Information Technology

One on One with Accenture's Robert Wollan

Accenture recently conducted its ninth annual Global Consumer Pulse Survey. This year’s survey took a close look at the impact of customers switching providers, which leaves a potential $1.3 trillion in revenue on the table, essentially up for grabs to whichever company can woo them away.

Joe Kornik | November 18, 2013

Robert Wollan Accenture recently conducted its ninth annual Global Consumer Pulse Survey, which covers 12,800 customers in 32 countries across 10 industries. This year's survey took a close look at the impact of customers switching providers, which leaves a potential $1.3 trillion (with a T) in revenue on the table, essentially up for grabs to whichever company can woo them away. While this may sound like customers are wishy-washy or inherently disloyal, Wollan says in fact customers are learning to be disloyal by repeated failures by service providers to anticipate their changing needs and the inability to solve "old school" customer service problems. Accenture Sales & Customer Services global managing director Robert Wollan shared his insights on this year's survey and the root causes of this "switching economy".

Consulting: How would you characterize consumers' attitudes towards the current level of service they receive?

Wollan: It would be easy to say customers are fickle.

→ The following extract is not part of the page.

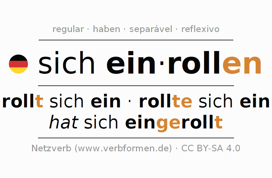 Conjugação simples no presente, pretérito, imperativo e conjuntivo do verbo sich einrollen (hat)
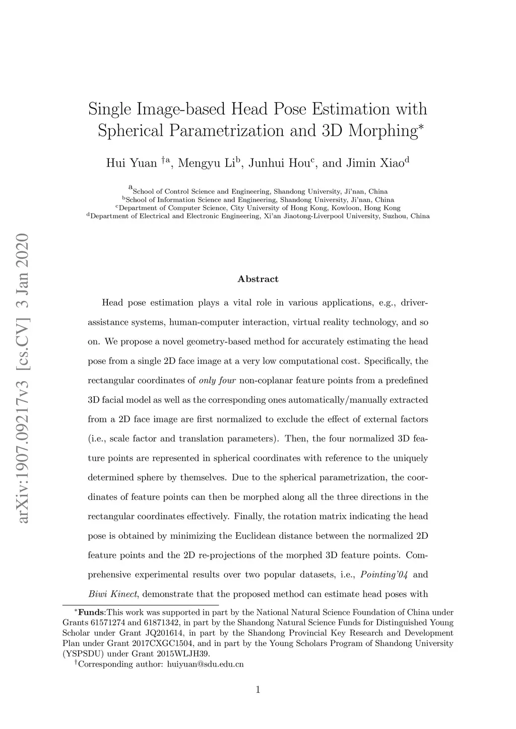 Head pose estimation plays a vital role in various applications, e.g., driverassistance systems, human-computer interaction, virtual reality technology, and so on. We propose a novel geometry based algorithm for accurately estimating the head pose from a single 2D face image at a very low computational cost. Specifically, the rectangular coordinates of only four non-coplanar feature points from a predefined 3D facial model as well as the corresponding ones automatically/ manually extracted from a 2D face image are first normalized to exclude the effect of external factors (i.e., scale factor and translation parameters). Then, the four normalized 3D feature points are represented in spherical coordinates with reference to the uniquely determined sphere by themselves. Due to the spherical parameterization, the coordinates of feature points can then be morphed along all the three directions in the rectangular coordinates effectively. Finally, the rotation matrix indicating the head pose is obtained by minimizing the Euclidean distance between the normalized 2D feature points and the 2D re-projections of morphed 3D feature points. Comprehensive experimental results over two popular databases, i.e., Pointing'04 and Biwi Kinect, demonstrate that the proposed algorithm can estimate head poses with higher accuracy and lower run time than state-of-the-art geometry based methods. Even compared with start-of-the-art learning based methods or geometry based methods with additional depth information, our algorithm still produces comparable performance.

That they're switching more regularly, and that they're almost a disconnected or disloyal base. But the real answer looking across industries and geographies is a very different picture. You see a picture of a customer who frankly wants to stay. Some 82 percent of customers say a company could have done something to keep them. They want to stay. They objections they're raising are outdated issues we should have solved years ago. So we're training customers to be disloyal. Training them to switch slowly but surely over time as opposed to finding a customer that wants to stay loyal, wants consistency of execution and wants capabilities that matter to them more broadly. Consulting: How has customer behavior changed?